You’re not saying “99.5% of the time I’m this confident, I’m right”. You’re just saying “I expect my log score to be maximized if I bet on 99.5%”. The former implies the latter, but the latter does not (necessarily) imply the former.
This method is much more informative than “almost sure”, and gives you numbers to act on when it comes time to “shut up and multiply”. Your first set of numbers may not have “come from numbers”, but the ones you quote now do, which is an improvement. Theoretically this could be taken up a few steps of meta, but once is probably enough.
Metauncertainty
Response to: When (Not) To Use Probabilities
“It appears to be a quite general principle that, whenever there is a randomized way of doing something, then there is a nonrandomized way that delivers better performance but requires more thought.” —E. T. Jaynes
The uncertainty due to vague (non math) language is no different than uncertainty by way of “randomizing” something (after all, probability is in the mind). The principle still holds; you should be able to come up with a better way of doing things if you can put in the extra thought.
In some cases, you can’t afford to waste time or it’s not worth the thought, but when dealing with things such as the deciding whether to run the LHC or signing up for cryonics, there’s time, and it’s sorta a big deal, so it pays to do it right.
If you’re asked “how likely is X?”, you can answer “very unlikely” or “0.127%”. The latter may give the impression that the probability is known more precisely than it is, but the first is too vague; both strategies do poorly on the log score.
If you are unsure what probability to state, state this with… another probability distribution.
“My probability distribution over probabilities is an exponential with a mean of 0.127%” isn’t vague, it isn’t overconfident (at the meta^1 level), and gives you numbers to actually bet on.
The expectation value of the metaprobability distribution (integral from 0 to 1 of Pmeta*p*dp) is equal to the probability you give when trying to maximize your expected log score .
To see this, we write out the expected log score (Integral from 0 to 1 of Pmeta*(p*log(q)+(1-p)log(1-q))dp).
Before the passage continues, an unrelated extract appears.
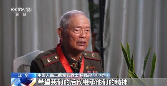 中国人民志愿军老战士何临弟:因为我那时候发高烧,文工团的同志就背着我到演出那里去,演完后,他又把我背回来了。第二次我们去慰问演出,结果他们文工团的告诉我,说那个同志牺牲了。起码背了有一里多地,所以想着就是,心里忘不了,一直忘不了这件事情。我要是能回国的话,为他父母尽孝,为他父母养老送终,这就是我的想法,但是后来我不知道他的姓名,也不知道他的家在哪里住,这个就一直在我心里惦记着。今天战友们回到祖国母亲的怀抱,是他们用鲜血和生命保卫了我们国家,这是我们永远不能忘记的事情,希望我们的后代继承他们的精神。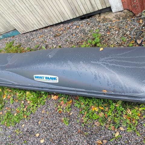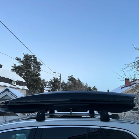 Volvon iso suksiboksi. Aukeaa kummaltakin puolelta. Täysin uutta vastaava. Boksi on noin 235cm pitkä ja 90cm leveä (ulkomitat). Boksi on lukittava. Suksiboksilla on tehty ainoastaan yksi Levin reissu ja ollut sen jälkeen tarpeettomana tallissa. Volvon tarrat saa tarpeen mukaan helposti pois (Thulen boksi).

If you split this into two integrals and pull out the terms that are independent of p, the integrals just turn into the expectation value of p, and the formula is now that of the log score with p replaced with mean(p). We already know that the log score is maximized when q = p, so in this case we set q = mean(p)
This is a very useful result when dealing with extremes where we are not well calibrated. Instead of punting and saying “err… prolly aint gonna happen”, put a probability distribution on your probability distribution and take the mean. For example, if you think X is true, but you don’t know if you’re 99% sure or 99.999% sure, you’ve got to bet at ~99.5%.
It is still no guarantee that you’ll be right 99.5% of times (by assumption we’re not calibrated!), but you can’t do any better given your metaprobability distribution.
You’re not saying “99.5% of the time I’m this confident, I’m right”. You’re just saying “I expect my log score to be maximized if I bet on 99.5%”. The former implies the latter, but the latter does not (necessarily) imply the former.
This method is much more informative than “almost sure”, and gives you numbers to act on when it comes time to “shut up and multiply”. Your first set of numbers may not have “come from numbers”, but the ones you quote now do, which is an improvement. Theoretically this could be taken up a few steps of meta, but once is probably enough.
Note: Anna Salamon’s comment makes this same point.